By Hiram Caton - posted Friday, 3 April 2009


Charles Darwin and Abraham Lincoln had more in common than their date of birth. Lincoln is hailed in this bicentenary year as the greatest American president, while Darwin is proclaimed in celebration events to be the greatest biologist ever and some say even the greatest scientist. Just as his proof of evolution displaced the religious conception of divine creation, so the abolition of slavery reshaped the American constitution and embedded belief in human equality across racial differences. Darwin passionately opposed slavery from his early years and closely followed Lincoln’s leadership of the Civil War. Lincoln believed in evolution and, like Darwin, had no religious convictions.

They shared another significant belief that is scarcely noted in the celebration events: they did not believe in racial equality. Instead they believed that humankind is structured in a hierarchy with Caucasians at the peak and “primitives” at the bottom.

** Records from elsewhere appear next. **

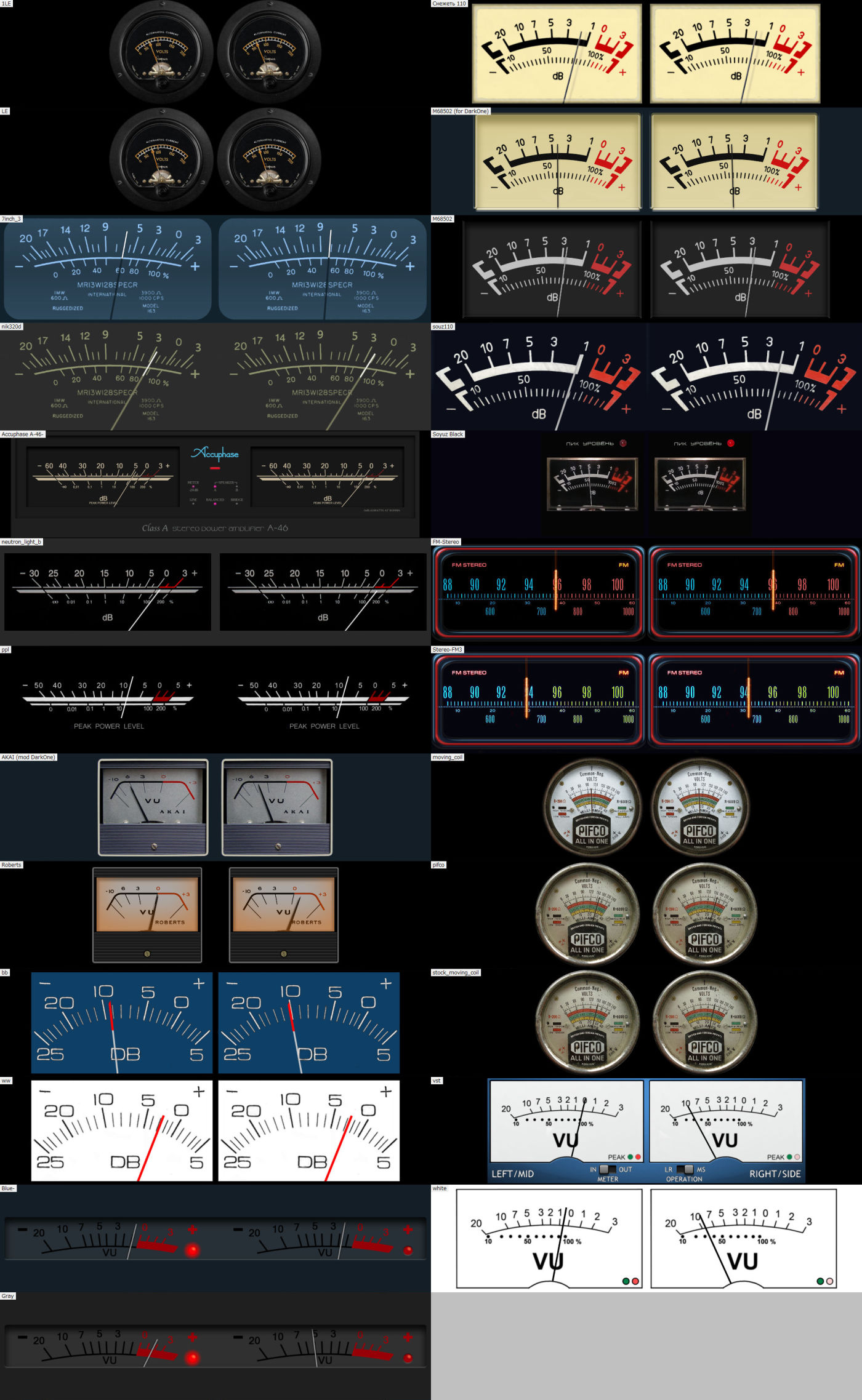 Haloweenhamster, вы молодец, что решили собрать все скины для VU Meter в одно место, но один большой архив не совсем удобен и не всем нужен. Помимо архива, гораздо удобнее было бы разместить фото и файлы по отдельности, где каждый выберет то, что ему нужно: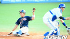 [OSEN=대구, 민경훈 기자] 3일 오후 대구 시민구장에서 열린 '2012 팔도 프로야구' 삼성 라이온즈와 두산 베어스의 경기 5회초 2사 주자 2루 두산 김현수의 중견수 앞 1타점 적시타 때 2루 주자 정수빈이 홈으로 몸을 날리며 세이프되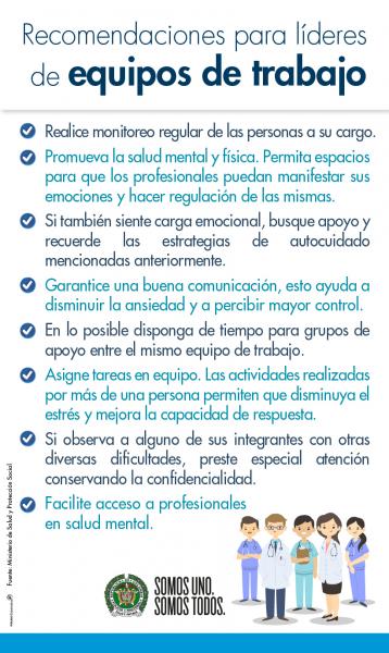 Estas son algunas recomendaciones dirigidas a los líderes equipos de trabajo para aplicar en el cuidado de la salud.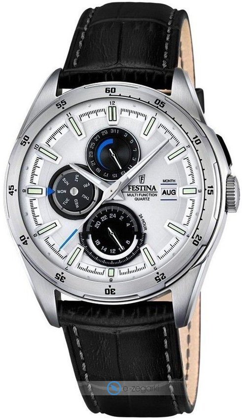 Zegarek męski F16877-1 marki Festina to stylowe połączenie funkcjonalności i ciekawego wzornictwa. Model ten w gamie pozostałych zegarków tego producenta występuje w kolekcji Festina Multifunction. Wysokiej trwałości tarczę zegarka pokryto białym kolorem. Aktualna godzina prezentowana jest w sposób analogowy co bez trudu pozwala ją odczytać. Koperta jest w kolorze srebrnym szeroka jest na 42 mm oraz ma grubość 11 mm - w kształcie okrągłym.

When I mention this to colleagues, I encounter a shocked reaction. Surely opponents of slavery must believe in human equality?! Their logic is ironclad today, but it wasn’t always so. Consider the Declaration of Independence. “All men are created equal” and enjoy the rights to “life, liberty, and the pursuit of happiness”. If so, slavery is contrary to the most basic rights. Yet the principal author of these words, Thomas Jefferson, was a slaver-owner, as were 16 other Declaration signatories.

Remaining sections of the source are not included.